SIX MONTHS ENDED JUNE 30, 1997 COMPARED
WITH THE SIX MONTHS ENDED JUNE 30, 1996

     Sales. In the first six months of 1997, sales decreased $0.7 million,
or 0.4%, from the comparable 1996 period. Decreases in GSA Schedule sales
and Open Market sales of $4.1 million and $12.3 million, respectively, were
offset by increased sales under IDIQ  and Other Contracts (including sales
to both prime contractors and state and local governments) of $11.1 million



                                  - 12 -
<PAGE>
and $4.5 million, respectively. The decline in Open Market sales can be
directly attributed to the commercialization and sell-through of $15.8
million of IBM Label product originally purchased for sale under the
Company's Desktop IV contract during 1996 of which like sales did not occur
again in 1997. Sales under IDIQ contracts increased primarily as a result
of increased sales under the Company's contracts with NIH, NASA and the
Treasury Department, but which were offset by decreased sales under the
Desktop IV contract (systems ordering expired on February 1, 1996).  In
1996, the GSA authorized agencies to enter into BPAs with Schedule holders.
The BPAs are authorized by GSA and incorporate many terms and conditions of
the GSA Schedule contracts.  Additionally, such BPAs offer many of the same
products, often at lower prices than available on the GSA Schedules.  The
Company has been awarded nine of these BPAs since the GSA authorized this
change. The Company reports BPA sales as part of total GSA sales activity.

     Gross Margin.  In the first six months of 1997, gross margin decreased
in absolute dollars by approximately $0.2 million, or 1.7%, and decreased
as a percentage of sales from 7.6% to 7.5% when compared to the same period
a year ago.  The slight decline in absolute dollars is primarily
attributable to the lower gross margin percentage earned in 1997 on
comparable sales volume.  The slight decline in gross margin percentage
during the first six months of 1997 was primarily attributable to the $11.0
million drop shipment of product from one of the Company's vendors directly
to the customer at a lower than normal margin.  The change in gross margin
percentages can be impacted by a variety of factors and is not necessarily
indicative of gross margin percentages to be earned in future periods.
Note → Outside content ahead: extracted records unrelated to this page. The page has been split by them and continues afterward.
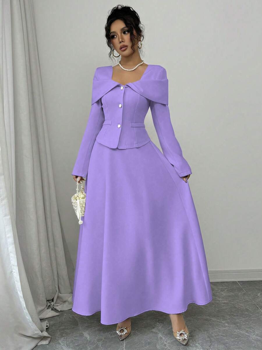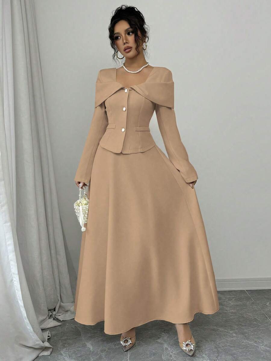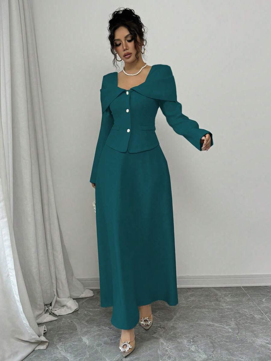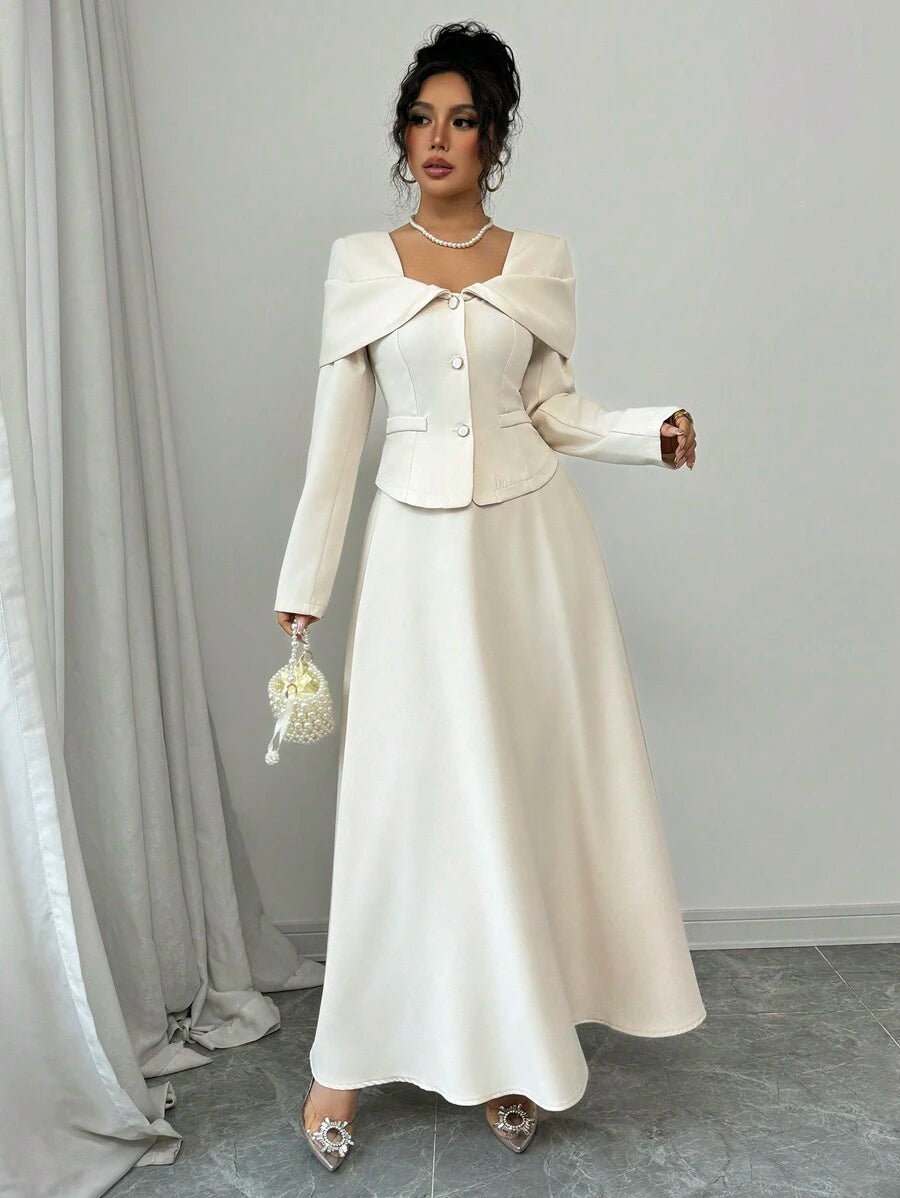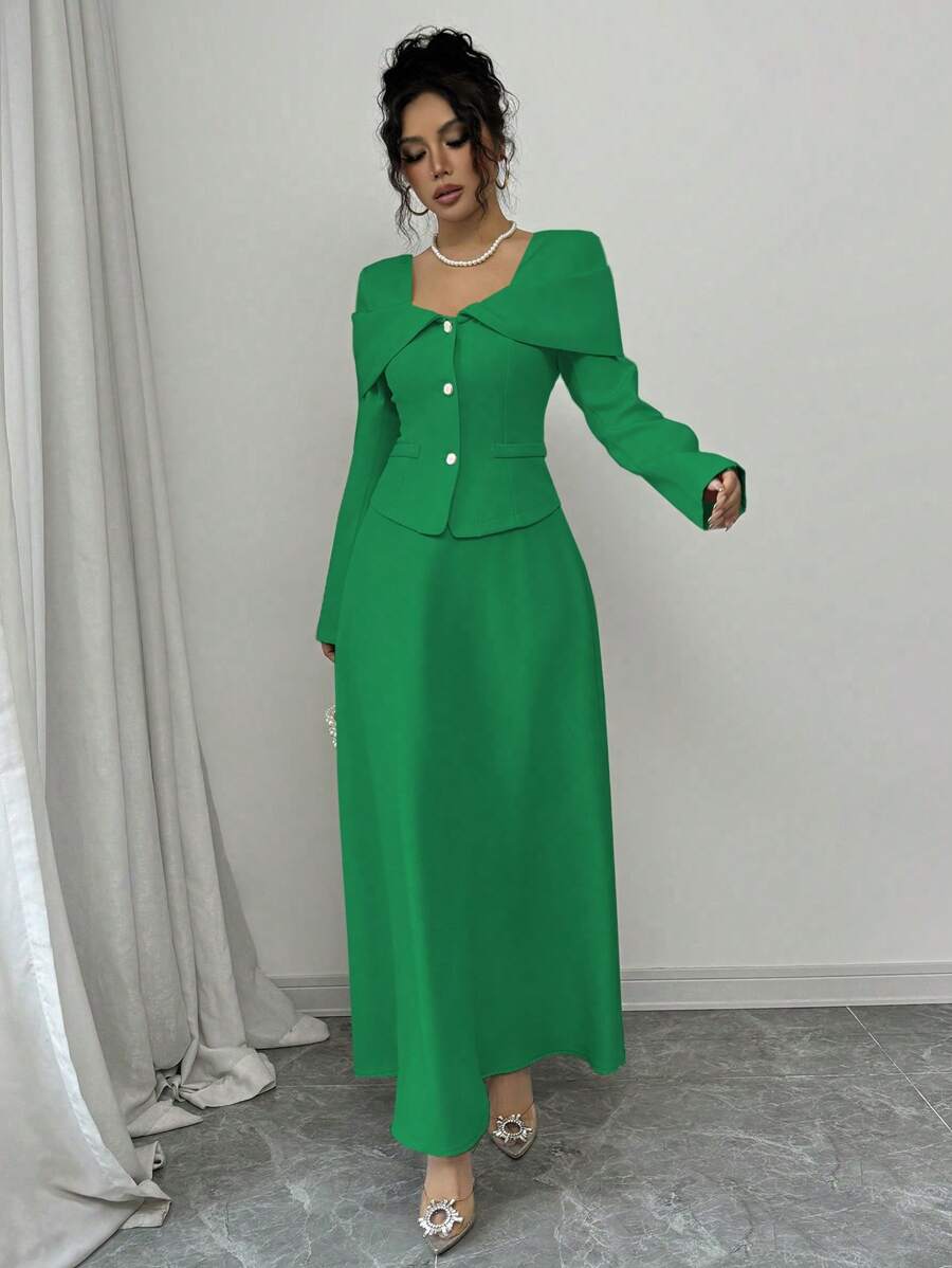 EMI Women's Elegant Commuter Solid Color Jacket And Extra-Long A-Line Skirt 2 Pieces Set Fall Cloth For Women
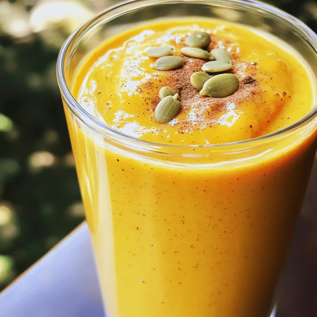 After blending, taste your smoothie. If it needs more sweetness, add a teaspoon of maple syrup. Pour it into your favorite glass or bowl. For a fun touch, garnish with a sprinkle of cinnamon or some pumpkin seeds on top. Enjoy your drink!
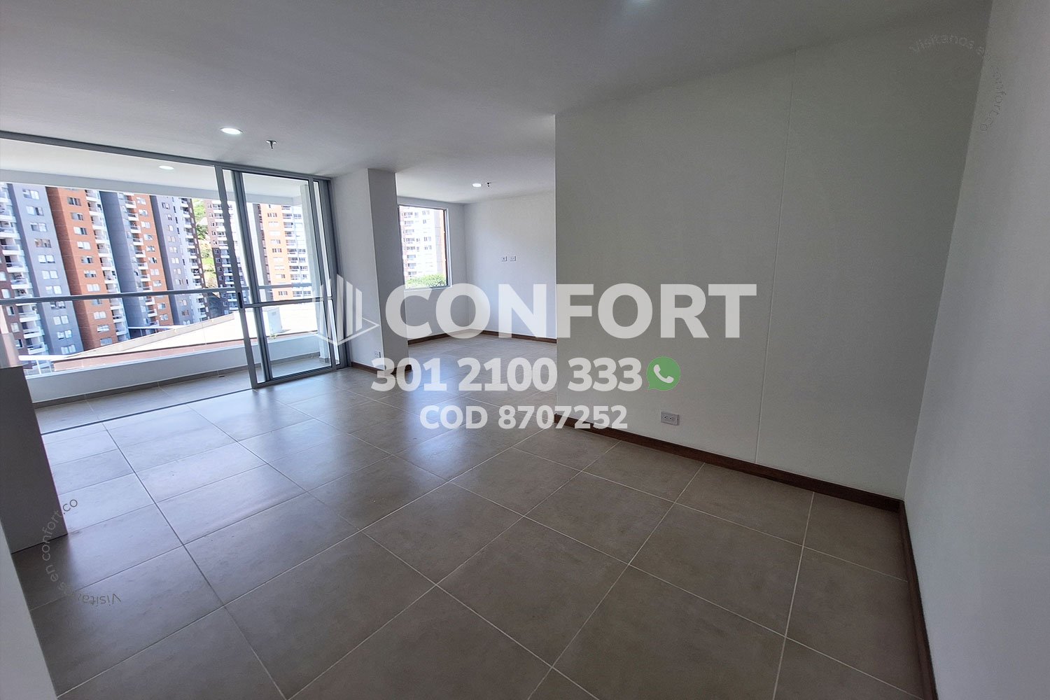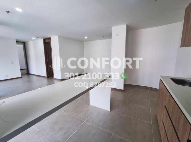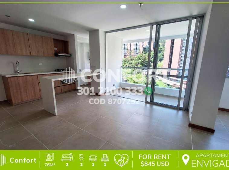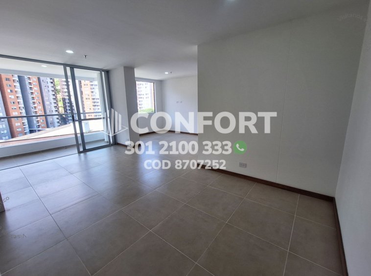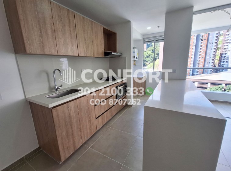 87-07-252 Inmobiliaria en Medellín arrienda apartamento ubicado en el sector de la Cuenca en Envigado, cuenta con un área de 76mt2 distribuidos en sala comedor, cocina integral con barra americana, balcón, zona de lavado, 2 habitaciones, la principal con baño privado y vestier, baño social, sala de estudio, parqueadero y cuarto útil. Ubicado en edificio con seguridad privada 24/7 y zonas comunes como piscina para adultos y niños, parque infantil, cancha de fútbol, salón social y zona de mascotas, a su alrededor podemos encontrar el centro comercial Mayorca, Estadio Polideportivo Sur y vías de acceso por La Loma del Barro, la avenida El Poblado y gran variedad de rutas de transporte público. CONFORT GESTORES INMOBILIARIOS – Arriendo en Envigado
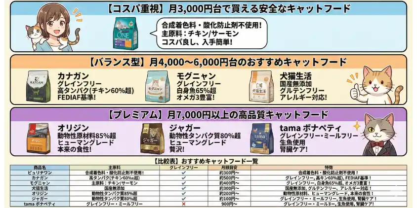 「じゃあ結局、何を選べばいいの?」という声にお応えして、予算別に安全なキャットフードをご紹介します。すべて合成着色料・合成酸化防止剤不使用で、主原料が動物性タンパク質の商品です。
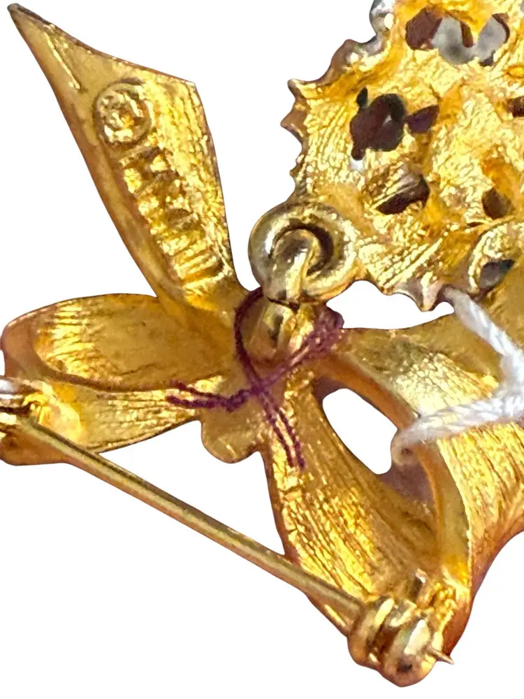 Enamel and rhinestone. Normal wear due to age. Marked in back.
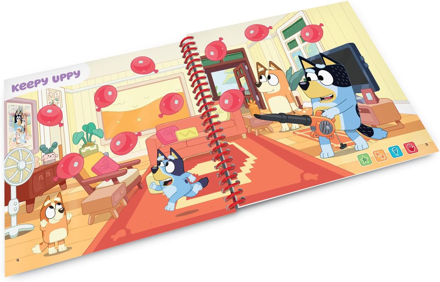 LeapFrog LeapStart Bluey Fun and Games " Interactive Learning Toy Play games from popular Bluey episodes with this fun activity book, including matching Bluey's poses, using the magic asparagus, enjoying Keepy Uppy, and more. Join Bluey and her family in 15+ exciting, replayable activities that engage children in learning through play. The set also includes 20 stickers for additional interactive fun. Tap on the words and pictures with the stylus to activate educational audio activities, encouraging hands-on learning. The activities adjust to keep kids engaged and learning at their individual level, making every discovery fun and rewarding. A computer with internet is needed to download the audio to the LeapStart system (sold separately). This toy is intended for children aged 2-5 years and does not require batteries.

     Operating Expenses.  Total operating expenses in the first six months
of 1997 increased $1.5 million, or 8.0%, and increased as a percentage of
sales from 9.9% to 10.7%.  This increase is primarily attributable to an
increase in personnel costs, which was partially offset by a decrease in
expenditures for contracted services (as the Company's information
technology services had been provided by an outside entity until June
1996). Additionally, in the first six months of 1996, the Company was
provided with a $0.5 million benefit from the settlement of certain
litigation, which amount was applied against related legal and program
expenses.

     Interest Expense.  Net interest expense decreased approximately $0.5
million, or 51.9%, in the first six months of 1997 primarily due to the
lower average borrowings outstanding during the period.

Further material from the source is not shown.